→ **Problem details**
In the records below, the relevant part opens with the line containing "(3)测评成绩前五名的学生恰" and closes with the line containing "根據工廠的產品的產品族分析,工廠活檢針類"; print that part exactly and only, without its pictures.
(Beginning of Data for processing)
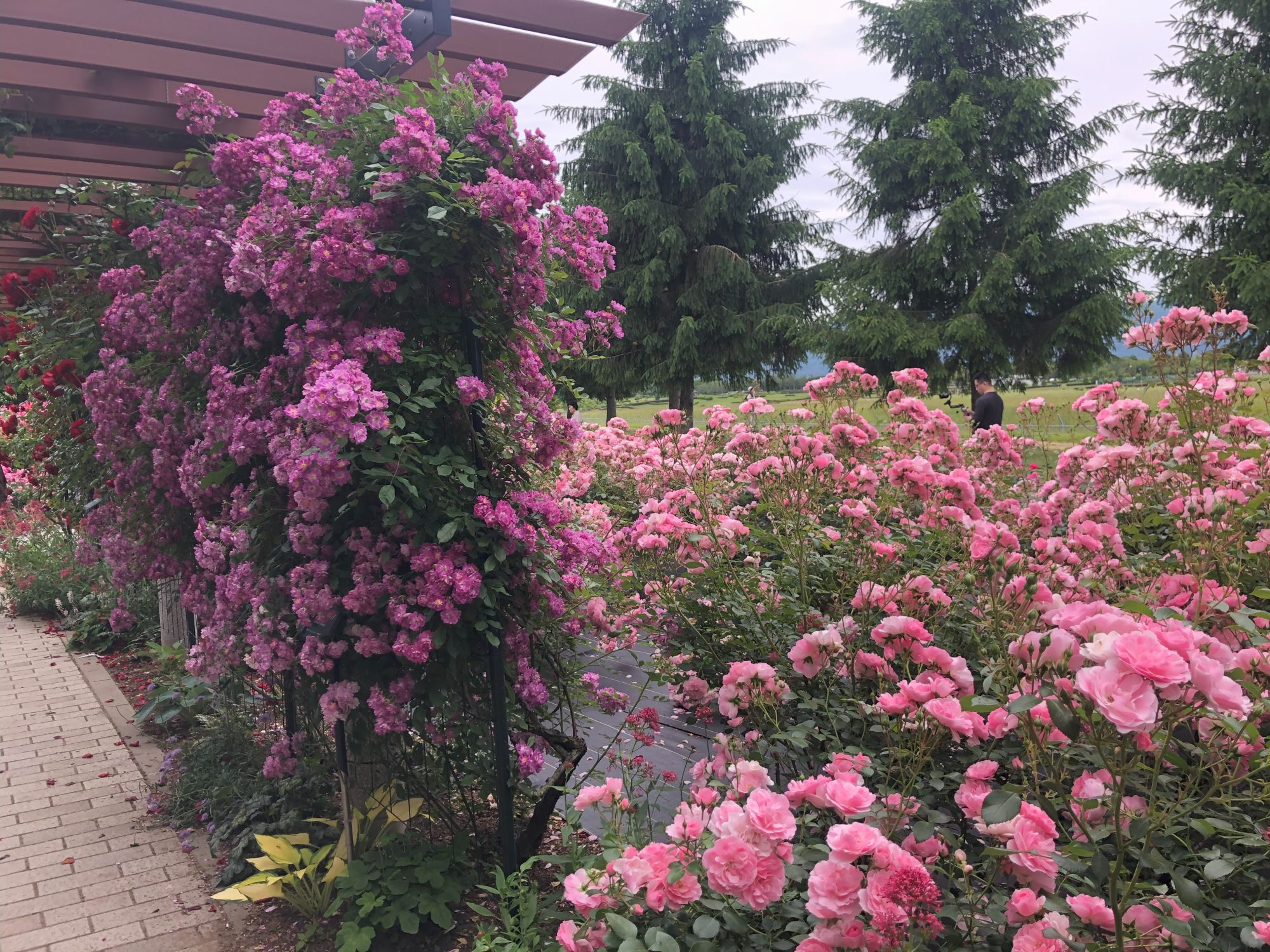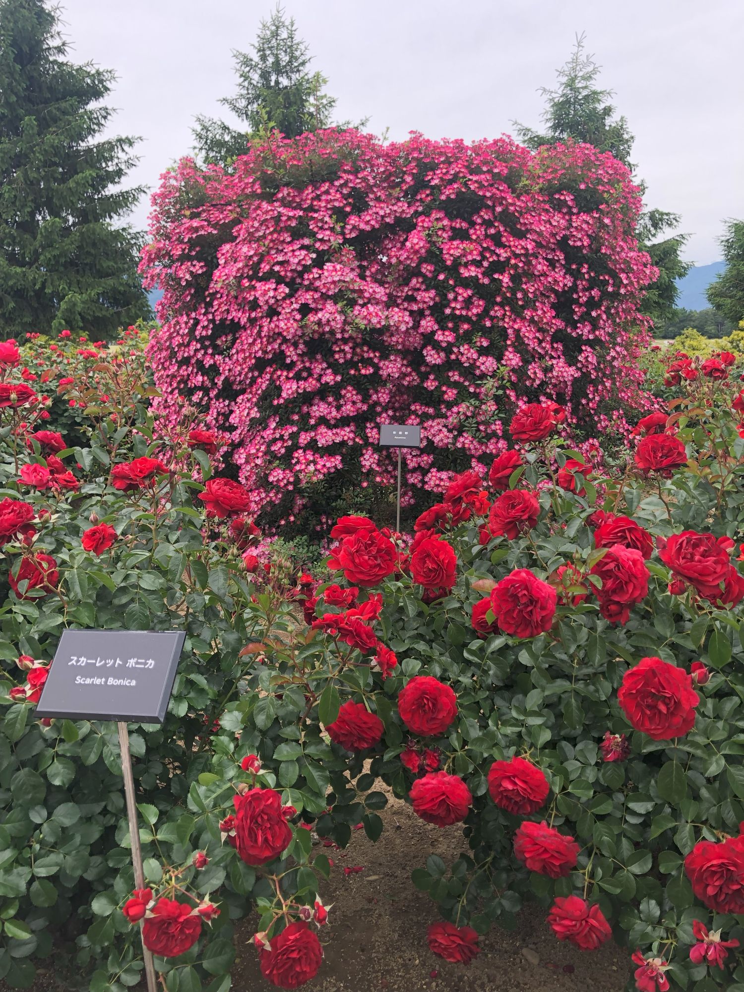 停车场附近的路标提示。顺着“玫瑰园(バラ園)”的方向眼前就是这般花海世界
(End of Data for processing)
(Beginning of Data for processing)
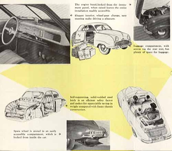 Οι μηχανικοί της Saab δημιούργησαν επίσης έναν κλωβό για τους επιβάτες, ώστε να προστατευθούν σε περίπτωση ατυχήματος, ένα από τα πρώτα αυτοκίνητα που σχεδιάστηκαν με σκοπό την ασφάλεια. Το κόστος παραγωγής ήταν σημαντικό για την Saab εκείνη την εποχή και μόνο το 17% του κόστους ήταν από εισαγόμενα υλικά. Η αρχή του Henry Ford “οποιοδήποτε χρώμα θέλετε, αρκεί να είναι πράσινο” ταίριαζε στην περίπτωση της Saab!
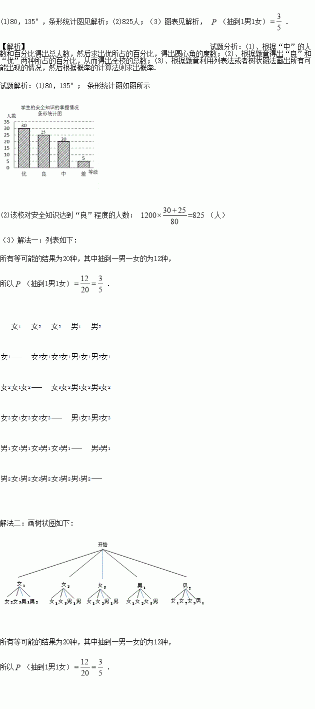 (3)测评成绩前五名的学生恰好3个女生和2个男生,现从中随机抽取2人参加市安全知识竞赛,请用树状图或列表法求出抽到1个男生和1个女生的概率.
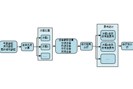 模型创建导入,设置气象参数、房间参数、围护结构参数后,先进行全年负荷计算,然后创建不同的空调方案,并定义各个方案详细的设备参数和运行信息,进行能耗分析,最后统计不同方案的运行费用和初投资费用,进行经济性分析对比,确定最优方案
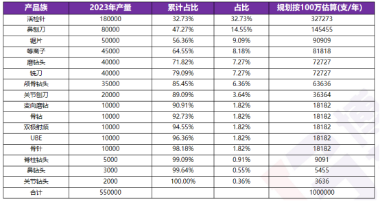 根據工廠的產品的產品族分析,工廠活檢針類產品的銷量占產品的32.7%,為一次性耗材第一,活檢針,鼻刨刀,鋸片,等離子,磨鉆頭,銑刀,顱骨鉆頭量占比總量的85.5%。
(End of Data for processing)
(Beginning of Data for processing)
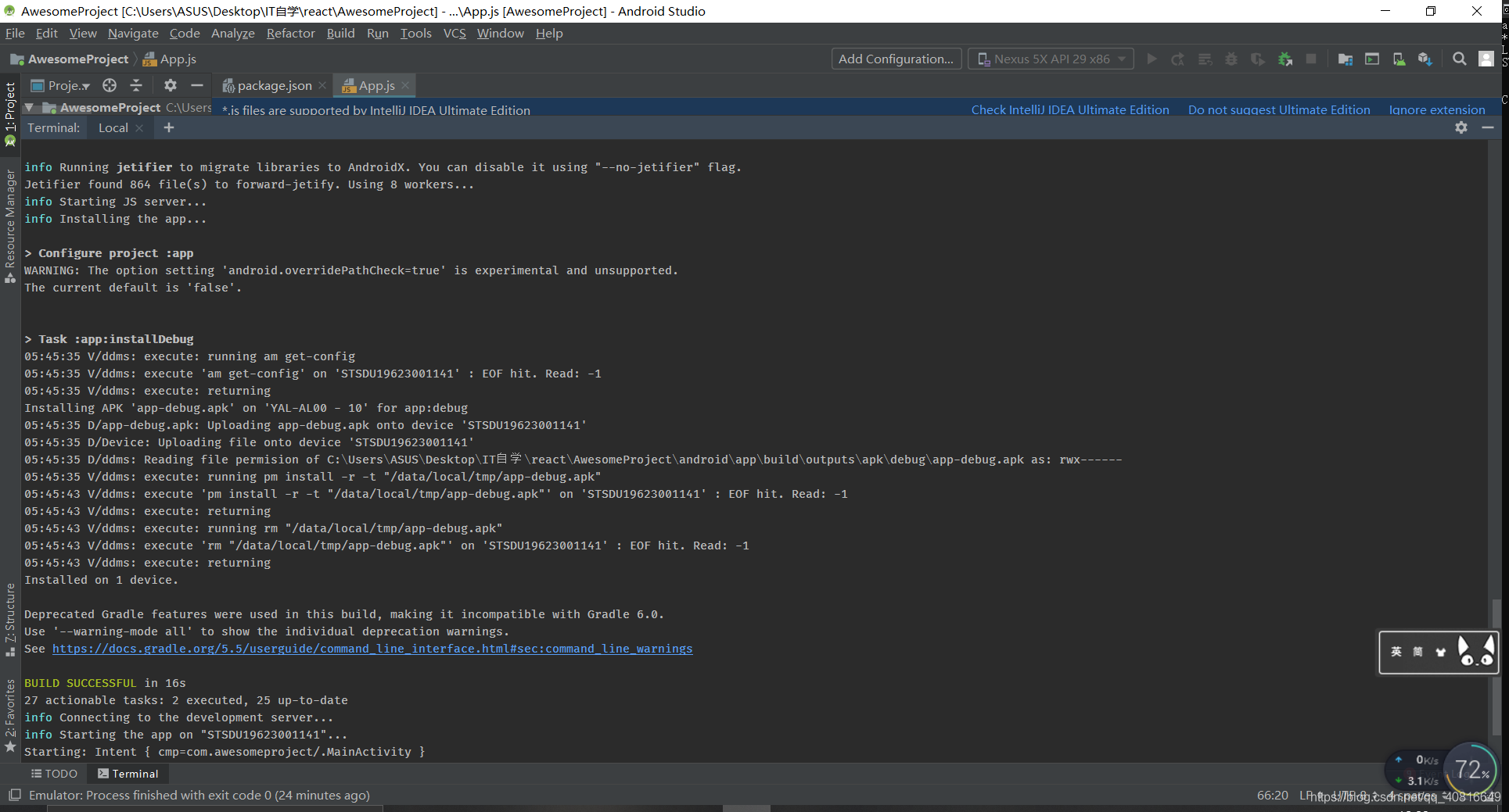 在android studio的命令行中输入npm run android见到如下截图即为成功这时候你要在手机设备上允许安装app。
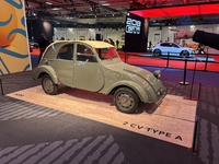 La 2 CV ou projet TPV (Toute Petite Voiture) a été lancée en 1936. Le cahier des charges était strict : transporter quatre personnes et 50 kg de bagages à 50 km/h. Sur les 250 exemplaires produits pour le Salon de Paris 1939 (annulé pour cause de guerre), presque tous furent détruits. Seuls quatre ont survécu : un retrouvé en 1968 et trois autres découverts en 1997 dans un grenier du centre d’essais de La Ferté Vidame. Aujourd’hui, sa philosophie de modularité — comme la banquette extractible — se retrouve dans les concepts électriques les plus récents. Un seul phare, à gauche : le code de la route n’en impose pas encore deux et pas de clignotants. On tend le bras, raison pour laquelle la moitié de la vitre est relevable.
(End of Data for processing)
→ **Reply**
 (3)测评成绩前五名的学生恰好3个女生和2个男生,现从中随机抽取2人参加市安全知识竞赛,请用树状图或列表法求出抽到1个男生和1个女生的概率.
 模型创建导入,设置气象参数、房间参数、围护结构参数后,先进行全年负荷计算,然后创建不同的空调方案,并定义各个方案详细的设备参数和运行信息,进行能耗分析,最后统计不同方案的运行费用和初投资费用,进行经济性分析对比,确定最优方案
 根據工廠的產品的產品族分析,工廠活檢針類產品的銷量占產品的32.7%,為一次性耗材第一,活檢針,鼻刨刀,鋸片,等離子,磨鉆頭,銑刀,顱骨鉆頭量占比總量的85.5%。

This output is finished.